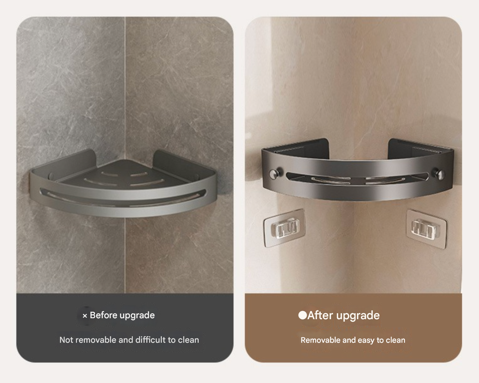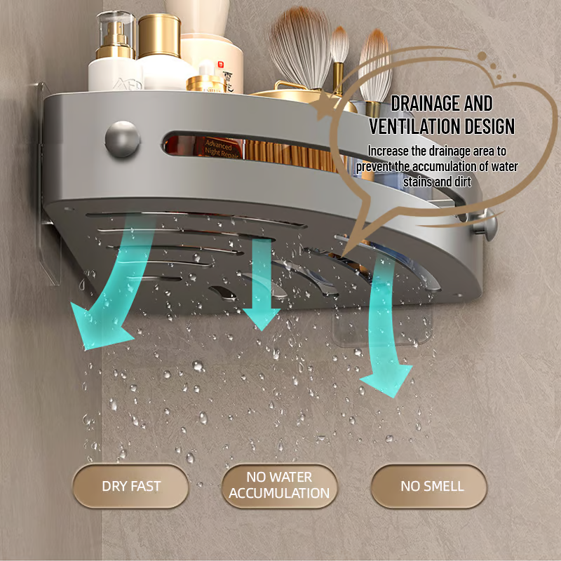 Den triangulära, solfjäderformade designen passar perfekt i hörn och maximerar förvaringen utan att ta upp onödigt utrymme. Med ett utökat förvaringsutrymme rymmer den bekvämt schampo, balsam, body wash och andra viktiga saker, vilket håller ditt utrymme snyggt och organiserat samtidigt som det är lätt att komma åt.
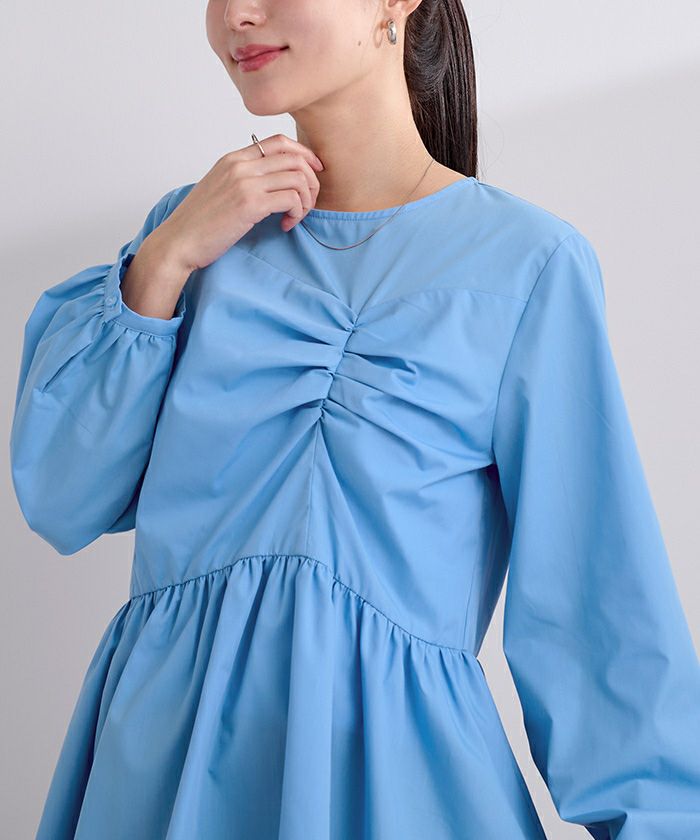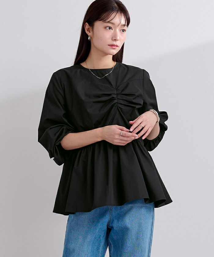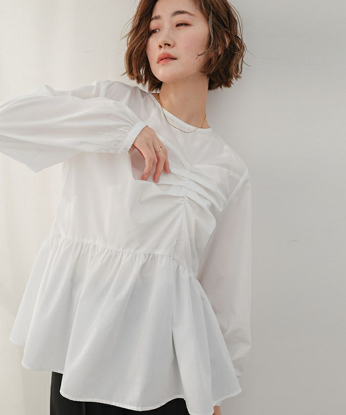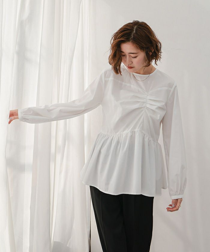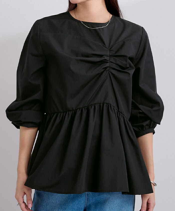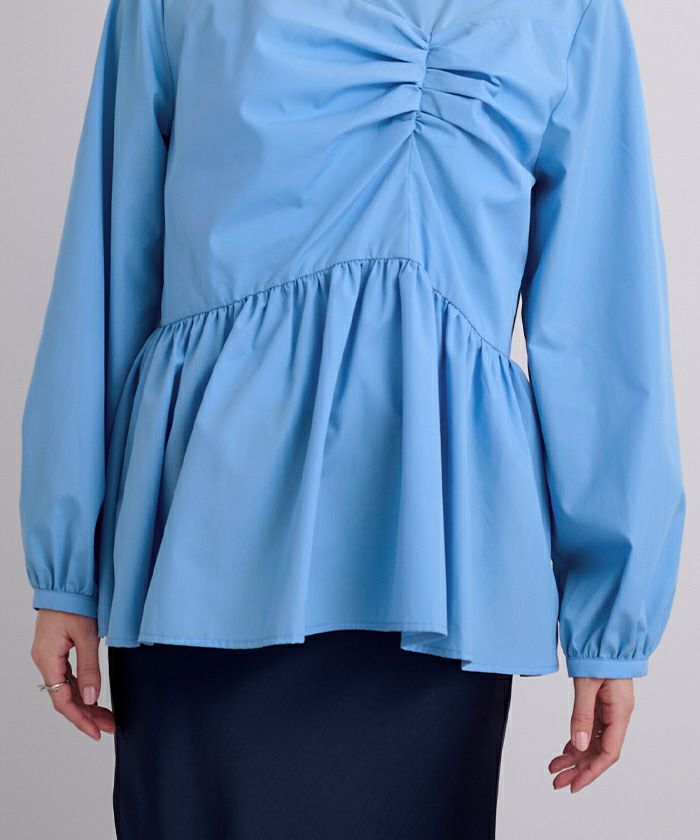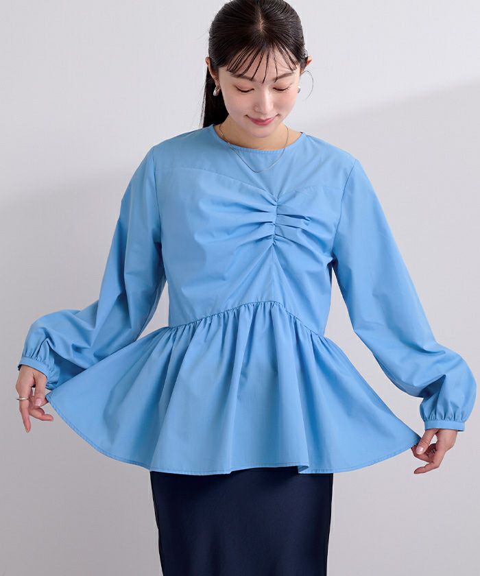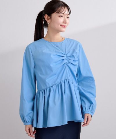 フロントの立体的なデザインが目を惹くペプラムブラウス。
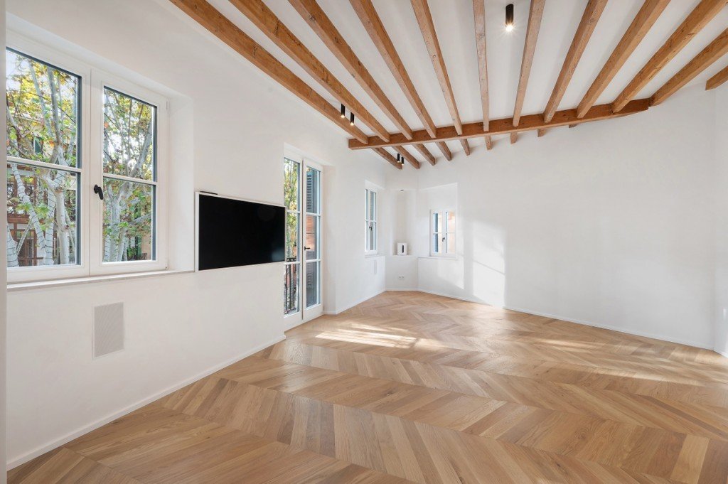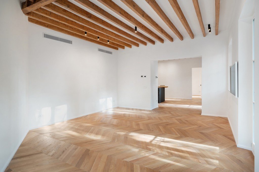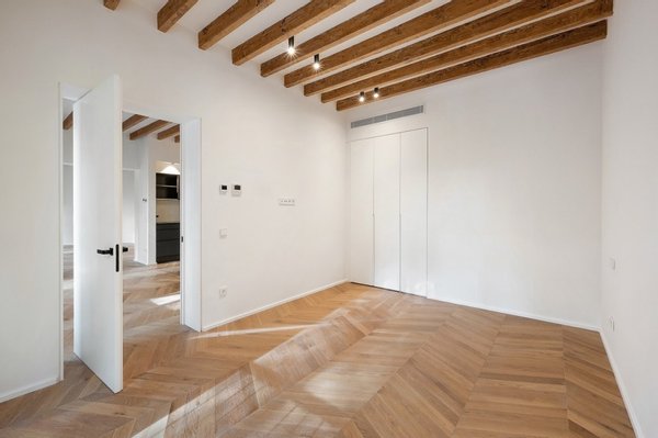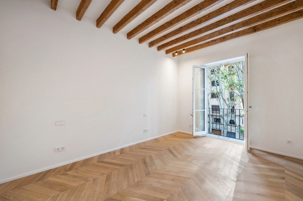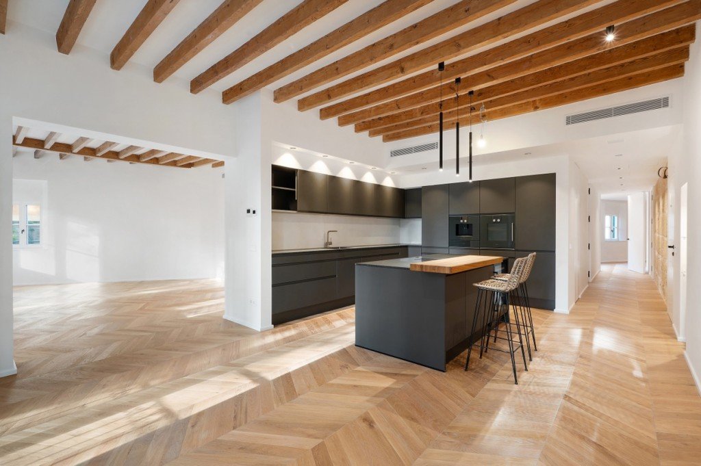 Erleben Sie urbanes Wohnen auf höchstem Niveau: Diese exquisite Altbauwohnung in Palma wurde mit viel Liebe zum Detail und unter Verwendung der besten Materialien vollständig renoviert. Die charakteristischen Mares-Steinwände und die restaurierten Holzdeckenbalken wurden stilvoll in Szene gesetzt, während das edle Fischgrätenparkett aus Eichenholz dem Raum eine zeitlose Eleganz verleiht.
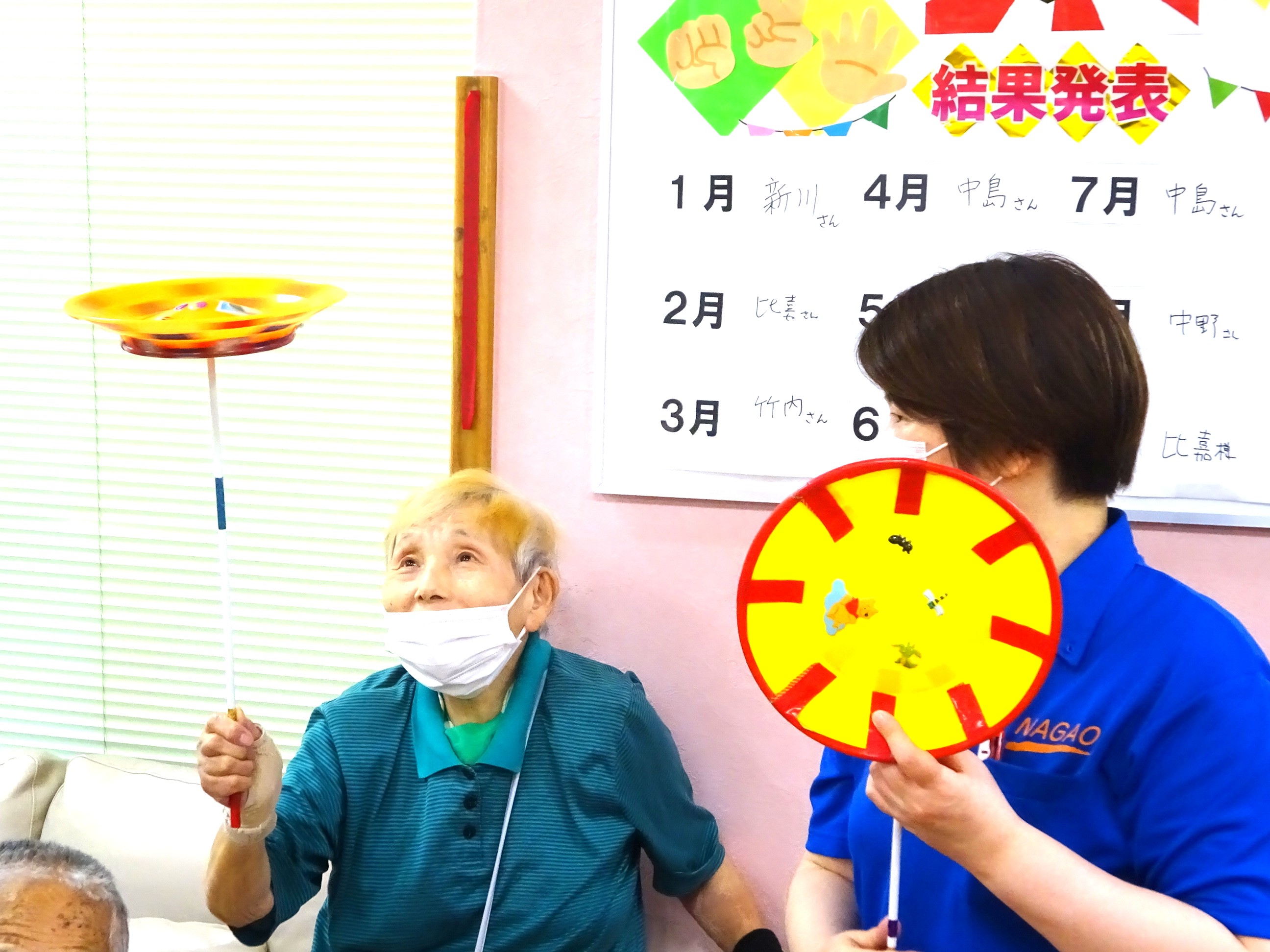 職員がゲーム対決をしたり、ジャンケン大会をしたりしました。
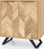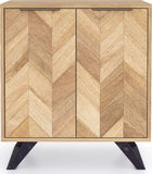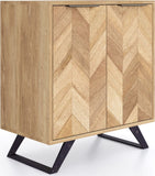 Embrace the fusion of elegance and functionality with our mini sideboard, a refined statement piece that redefines storage in style. Crafted from the exquisite Indian mango wood, this sideboard embodies both natural beauty and enduring quality. Its defining allure lies in the captivating parquet detailing on the door fronts, a testament to meticulous craftsmanship that adds a touch of sophistication to any room. Supported by sleek black steel legs, this mini sideboard marries modern aesthetics with sturdy construction. Behind the two doors lies a thoughtfully designed cabinet, complete with a central shelf, offering versatile storage to organize your essentials with ease. Ideal for smaller spaces or as an accent piece, this mini sideboard effortlessly combines form and function. Whether gracing your living room, bedroom, or hallway, it serves as both a visual delight and a practical storage solution. Experience the artful charm of Indian mango wood and the ingenuity of design with our mini sideboard, a compact yet impactful addition that elevates your space with its seamless blend of style and utility.
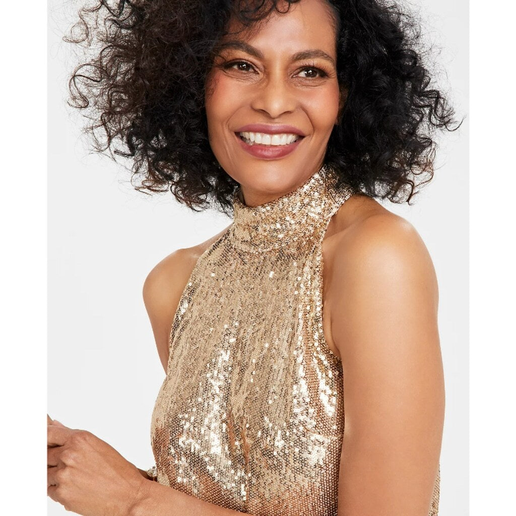 INC International Concepts Women's Medium Party Gold Sequin Halter Top NWT
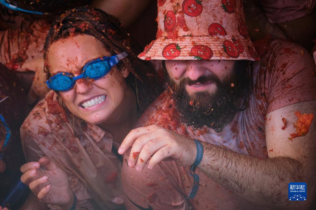 8月31日,在西班牙布尼奧爾舉行的“西紅柿節”上,人們參加“西紅柿大戰”。
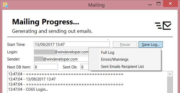 Clicking Go kicks-off the mailing process. We are prompted to login to Office 365, following that the mailer goes through the database generating an email for each data row.
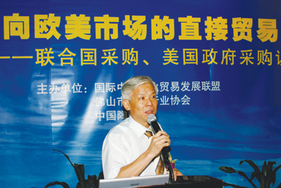 本報訊 (記者 許學(xué)鋒 陳偉冰)由國際中小企業(yè)貿(mào)易發(fā)展聯(lián)盟(ISMEUK)、 中國陶瓷城、佛山市陶瓷行業(yè)協(xié)會主辦的“創(chuàng)建面向歐美的直接貿(mào)易平臺”暨聯(lián)合國采購、美國政府采購說明會8月6日在佛山召開,為佛山陶瓷企業(yè)開拓國際市場介紹了一條便捷的通道。
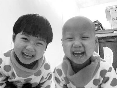 以前俩孩子长相几乎一样,而现在思敏因化疗面色惨白,头发也没有了。家属供图
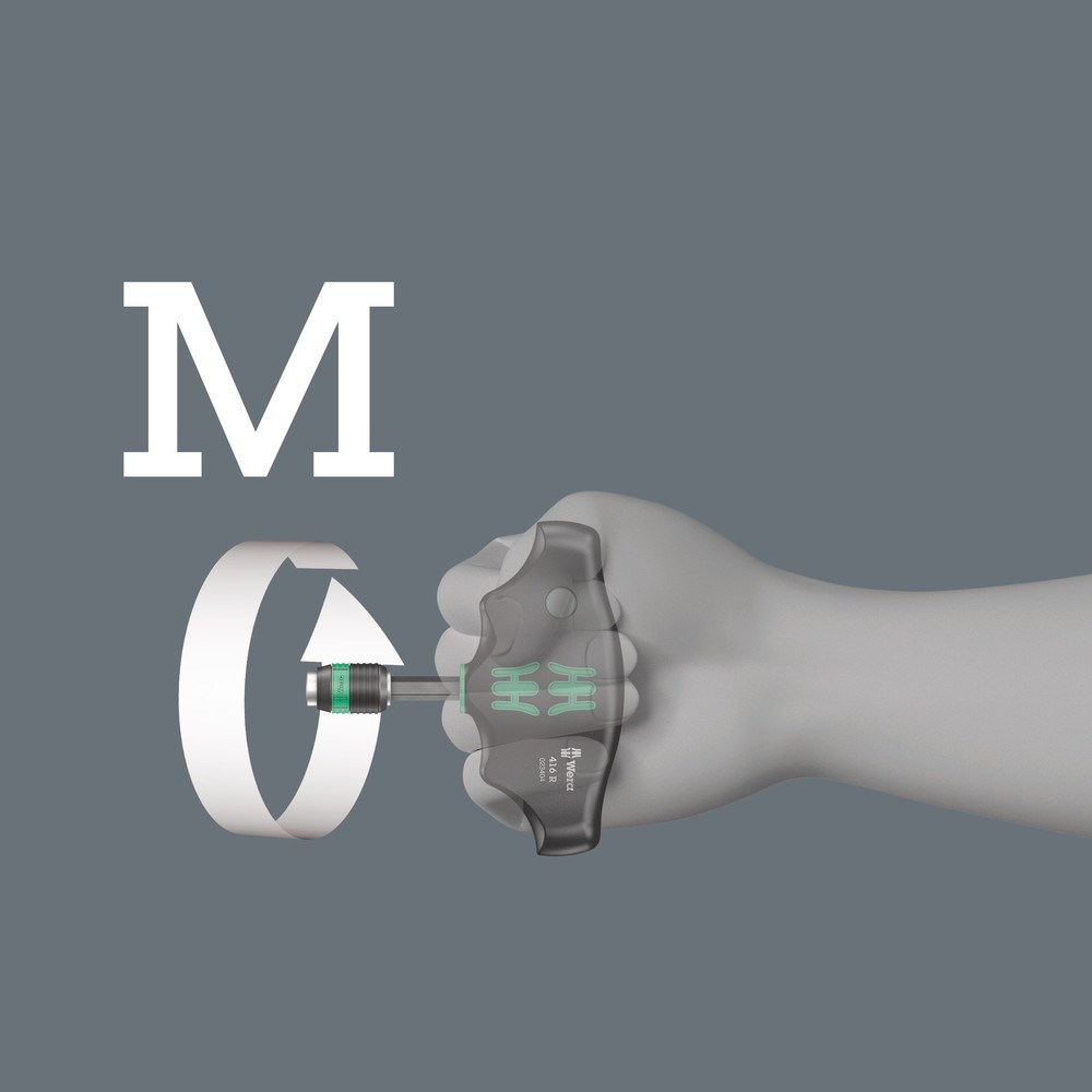 Schroevendraaiers met T-greep: de ideale greepvorm maakt overdracht van uiterst hoge aanhaal- en losdraaimomenten mogelijk. Dankzij de ergonomische vorm van de greep wordt de bal van de hand goed opgevuld en komen de vingers veilig in de zacht afgeronde inkepingen in de greep te liggen. De gehele hand krijgt grip op de handgreep waardoor wrijvingsverliezen tussen hand en greep worden voorkomen. Bithouder voor plaatsing van bits met 1/4" buitenzeskantaandrijving conform DIN ISO 1173-C 6,3 en E 6,3. Met ‘Rapidaptor’ technologie voor razendsnel wisselen van de bits.

### TASK BRIEF
Repeat exactly the lines above, beginning at the one containing "職員がゲーム対決をしたり、ジャンケン大会をしたりしました。" and ending at the one containing "Clicking Go kicks-off". Do not carry over any pictures.

### TASK ANSWER
 職員がゲーム対決をしたり、ジャンケン大会をしたりしました。
 Embrace the fusion of elegance and functionality with our mini sideboard, a refined statement piece that redefines storage in style. Crafted from the exquisite Indian mango wood, this sideboard embodies both natural beauty and enduring quality. Its defining allure lies in the captivating parquet detailing on the door fronts, a testament to meticulous craftsmanship that adds a touch of sophistication to any room. Supported by sleek black steel legs, this mini sideboard marries modern aesthetics with sturdy construction. Behind the two doors lies a thoughtfully designed cabinet, complete with a central shelf, offering versatile storage to organize your essentials with ease. Ideal for smaller spaces or as an accent piece, this mini sideboard effortlessly combines form and function. Whether gracing your living room, bedroom, or hallway, it serves as both a visual delight and a practical storage solution. Experience the artful charm of Indian mango wood and the ingenuity of design with our mini sideboard, a compact yet impactful addition that elevates your space with its seamless blend of style and utility.
 INC International Concepts Women's Medium Party Gold Sequin Halter Top NWT
 8月31日,在西班牙布尼奧爾舉行的“西紅柿節”上,人們參加“西紅柿大戰”。
 Clicking Go kicks-off the mailing process. We are prompted to login to Office 365, following that the mailer goes through the database generating an email for each data row.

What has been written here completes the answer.